Often when asked for career advice from students coming out of school or individuals early in their own careers here is what I share.

A. The First Decade

1. Find the least sucky job you can: Early on in your career your initial assignments being those of the starter variety will be filled with a certain rote drudgery as you being the lowest of the low will be delegated work that no one wants to do themselves.

Do not delude yourself that in your early years that you are going to find “your purpose”, “your passion” or “your identity”. Nope. You have found yourself a job in a competitive landscape and you will be learning valuable lessons on showing up even if you do not feel like coming to work to do stuff “beneath you” , how to deal with a spectrum of characters and personalities, how to present and write, and what it feels like to being bossed around.

These elementary skills will turn out to be essential in that communication skills, empathy and discipline will carry you far and be your friends forever even if you constantly change industries or the world changes around you.

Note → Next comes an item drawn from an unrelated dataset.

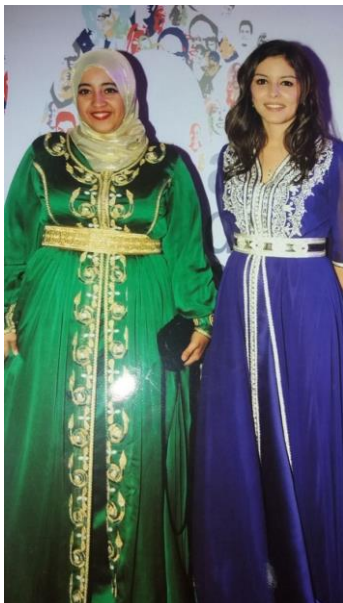
Tradycyjne marokańskie kaftany

W przypadku tradycyjnego stroju męskiego jest to również kaftan.

Unreal expectations must be controlled in the early years or you will be seen as a sniffling blow hard in need of attitude adjustment.

2. The Trend is your Friend: If you are fortunate to be able to pick between jobs or find demand for your skills that allow you to choose between opportunities in a company do not select the higher paying one but the one that is aligned with the future. Shakespeare wrote “we must take the current when it serves. Or lose our ventures” which in modern vernacular is “go with the flow my friend”. A majority of career success is to be aligned with trends and industries that are rising and even mediocre players can succeed in an unstoppable tide. Aligning with a trend and particularly aligning early is critical because not only will the force be with you but your skills will be in demand as the area grows and if you have joined early you will be experienced and become well known in the field.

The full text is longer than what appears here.